MATERIAL PROVIDED section start

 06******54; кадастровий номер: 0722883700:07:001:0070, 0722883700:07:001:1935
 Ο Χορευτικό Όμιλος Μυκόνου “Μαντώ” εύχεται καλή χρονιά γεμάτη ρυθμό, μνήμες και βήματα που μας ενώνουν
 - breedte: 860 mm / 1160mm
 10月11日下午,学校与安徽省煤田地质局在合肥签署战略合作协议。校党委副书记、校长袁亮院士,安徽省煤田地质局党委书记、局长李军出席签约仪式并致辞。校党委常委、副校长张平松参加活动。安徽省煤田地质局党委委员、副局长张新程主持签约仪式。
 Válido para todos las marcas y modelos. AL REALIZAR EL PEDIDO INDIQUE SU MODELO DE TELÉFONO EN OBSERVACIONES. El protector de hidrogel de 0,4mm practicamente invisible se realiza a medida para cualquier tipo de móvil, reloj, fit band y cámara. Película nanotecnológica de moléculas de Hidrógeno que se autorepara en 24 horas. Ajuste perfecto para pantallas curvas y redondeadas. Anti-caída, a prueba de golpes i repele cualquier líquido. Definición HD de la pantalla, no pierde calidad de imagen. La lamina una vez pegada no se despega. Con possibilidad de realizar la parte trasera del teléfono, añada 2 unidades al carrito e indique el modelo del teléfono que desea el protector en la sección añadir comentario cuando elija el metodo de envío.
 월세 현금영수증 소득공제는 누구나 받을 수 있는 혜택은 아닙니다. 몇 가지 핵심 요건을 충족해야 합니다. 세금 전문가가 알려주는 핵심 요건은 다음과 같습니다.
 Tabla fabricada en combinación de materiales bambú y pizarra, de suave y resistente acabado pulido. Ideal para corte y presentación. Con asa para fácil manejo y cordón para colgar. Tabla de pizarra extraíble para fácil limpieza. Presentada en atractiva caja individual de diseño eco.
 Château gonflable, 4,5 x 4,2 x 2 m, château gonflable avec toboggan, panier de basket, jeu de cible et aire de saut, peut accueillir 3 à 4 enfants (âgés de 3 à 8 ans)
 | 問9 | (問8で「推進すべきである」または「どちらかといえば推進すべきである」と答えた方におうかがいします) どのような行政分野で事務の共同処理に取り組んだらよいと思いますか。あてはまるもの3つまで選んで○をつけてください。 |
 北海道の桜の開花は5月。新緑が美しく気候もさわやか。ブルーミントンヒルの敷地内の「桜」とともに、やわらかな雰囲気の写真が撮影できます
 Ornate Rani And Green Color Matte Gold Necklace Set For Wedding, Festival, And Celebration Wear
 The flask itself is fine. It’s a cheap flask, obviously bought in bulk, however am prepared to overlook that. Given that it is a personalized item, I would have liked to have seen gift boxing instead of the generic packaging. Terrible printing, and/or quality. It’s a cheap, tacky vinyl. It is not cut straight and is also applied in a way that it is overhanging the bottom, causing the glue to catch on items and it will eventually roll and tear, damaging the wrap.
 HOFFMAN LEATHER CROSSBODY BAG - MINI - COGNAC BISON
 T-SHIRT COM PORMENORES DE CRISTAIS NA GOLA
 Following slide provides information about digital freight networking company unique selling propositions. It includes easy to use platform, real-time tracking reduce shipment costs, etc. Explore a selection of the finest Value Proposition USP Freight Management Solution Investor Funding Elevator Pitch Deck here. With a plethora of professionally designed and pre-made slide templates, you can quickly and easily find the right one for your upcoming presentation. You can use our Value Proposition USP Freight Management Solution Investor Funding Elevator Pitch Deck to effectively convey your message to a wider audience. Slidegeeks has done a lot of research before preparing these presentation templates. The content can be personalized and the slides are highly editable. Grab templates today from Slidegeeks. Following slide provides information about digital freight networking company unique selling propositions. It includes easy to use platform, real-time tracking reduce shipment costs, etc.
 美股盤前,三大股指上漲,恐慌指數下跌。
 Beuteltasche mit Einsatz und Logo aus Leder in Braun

MATERIAL PROVIDED section end

◆ ABOUT THIS TASK
Print exactly the lines between the line with "問9 | (問8で「推進すべきである」または「どちらかといえば推進すべきである」と答えた方におうかがいします)" and the final line of the records above, both included.

◆ ANSWER SPACE
 | 問9 | (問8で「推進すべきである」または「どちらかといえば推進すべきである」と答えた方におうかがいします) どのような行政分野で事務の共同処理に取り組んだらよいと思いますか。あてはまるもの3つまで選んで○をつけてください。 |
 北海道の桜の開花は5月。新緑が美しく気候もさわやか。ブルーミントンヒルの敷地内の「桜」とともに、やわらかな雰囲気の写真が撮影できます
 Ornate Rani And Green Color Matte Gold Necklace Set For Wedding, Festival, And Celebration Wear
 The flask itself is fine. It’s a cheap flask, obviously bought in bulk, however am prepared to overlook that. Given that it is a personalized item, I would have liked to have seen gift boxing instead of the generic packaging. Terrible printing, and/or quality. It’s a cheap, tacky vinyl. It is not cut straight and is also applied in a way that it is overhanging the bottom, causing the glue to catch on items and it will eventually roll and tear, damaging the wrap.
 HOFFMAN LEATHER CROSSBODY BAG - MINI - COGNAC BISON
 T-SHIRT COM PORMENORES DE CRISTAIS NA GOLA
 Following slide provides information about digital freight networking company unique selling propositions. It includes easy to use platform, real-time tracking reduce shipment costs, etc. Explore a selection of the finest Value Proposition USP Freight Management Solution Investor Funding Elevator Pitch Deck here. With a plethora of professionally designed and pre-made slide templates, you can quickly and easily find the right one for your upcoming presentation. You can use our Value Proposition USP Freight Management Solution Investor Funding Elevator Pitch Deck to effectively convey your message to a wider audience. Slidegeeks has done a lot of research before preparing these presentation templates. The content can be personalized and the slides are highly editable. Grab templates today from Slidegeeks. Following slide provides information about digital freight networking company unique selling propositions. It includes easy to use platform, real-time tracking reduce shipment costs, etc.
 美股盤前,三大股指上漲,恐慌指數下跌。
 Beuteltasche mit Einsatz und Logo aus Leder in Braun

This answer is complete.